Normally, you set the form's Text property to display the title that you want at design time, using the Properties window. But you can also set it at runtime, as shown in the next listing.

 private: System::Void button1_Click(System::Object^   sender,           System::EventArgs^ e) {           this->Text = "Speed Typing Game";         } 

In this example, a single programming statement is associated with the click event for button1. When the user clicks the button, the code updates the text in the title bar by assigning the string shown in quotes to the Text property, as illustrated in Figure 3.8.

image from book
Figure 3.8: Programmatically changing the text string displayed in the window's title bar.

Trick 

Note the use of the keyword this in the previous example. The this keyword in Visual C++ is used inside of an object to gain access to the object's own properties and code. In the previous listing, using this inside of the button1_Click function of form1 gives you access to all of form1's properties and functions.
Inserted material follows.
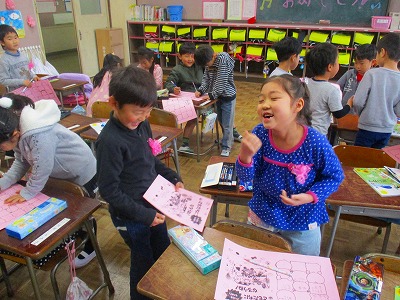 生活科の時間に、クラスの友だちに挨拶をして、サインを書いてもらう活動をしました。

Changing the contents of the text string for your application dynamically at runtime can be useful. You could, for instance, update a form's name to reflect the name of the file that a user has loaded. Microsoft Excel and Microsoft Word are two examples of applications that employ this technique whenever a user loads a new document. The advantage of doing this is that you use valuable and limited screen real estate to convey important information, but you do so without disturbing the user.

If you do use this capability, however, you should do so consistently and sparingly. In many applications, users do not expect dynamic changes to the text string displayed on the title bar. As such, they might not even notice that you've made a change unless changes are an expected convention of your application.

Trick 

If you want to send the user frequent updates about the status of his work in an application, you should establish a Status Strip on your form, as discussed later in this chapter.

Controlling Tab Order and Focus

When users begin using your application, the most normal mode of interaction is to use the mouse to click or select the program's individual controls. However, in time, many users learn to use shortcuts to speed up their workflow. One such shortcut, used in many applications, is tabbing between controls. By pressing the Tab key on the keyboard, users can instantly switch to different controls. When they reach the control of interest, these power users normally, depending on the type of control, use a combination of arrow keys or the Enter key to set the control to the desired setting. This trick is especially common in applications that have numerous dialog boxes or dialog boxes that have a dense number of controls.

When the user repeatedly presses the Tab key, focus is said to move from control to control. The control in focus gives visual feedback in a way that is appropriate to the control's function. Buttons, for example, highlight, whereas text boxes often display a blinking cursor.

Hint 

Focus is the state that defines a form's currently selected control, which accepts and processes keyboard input.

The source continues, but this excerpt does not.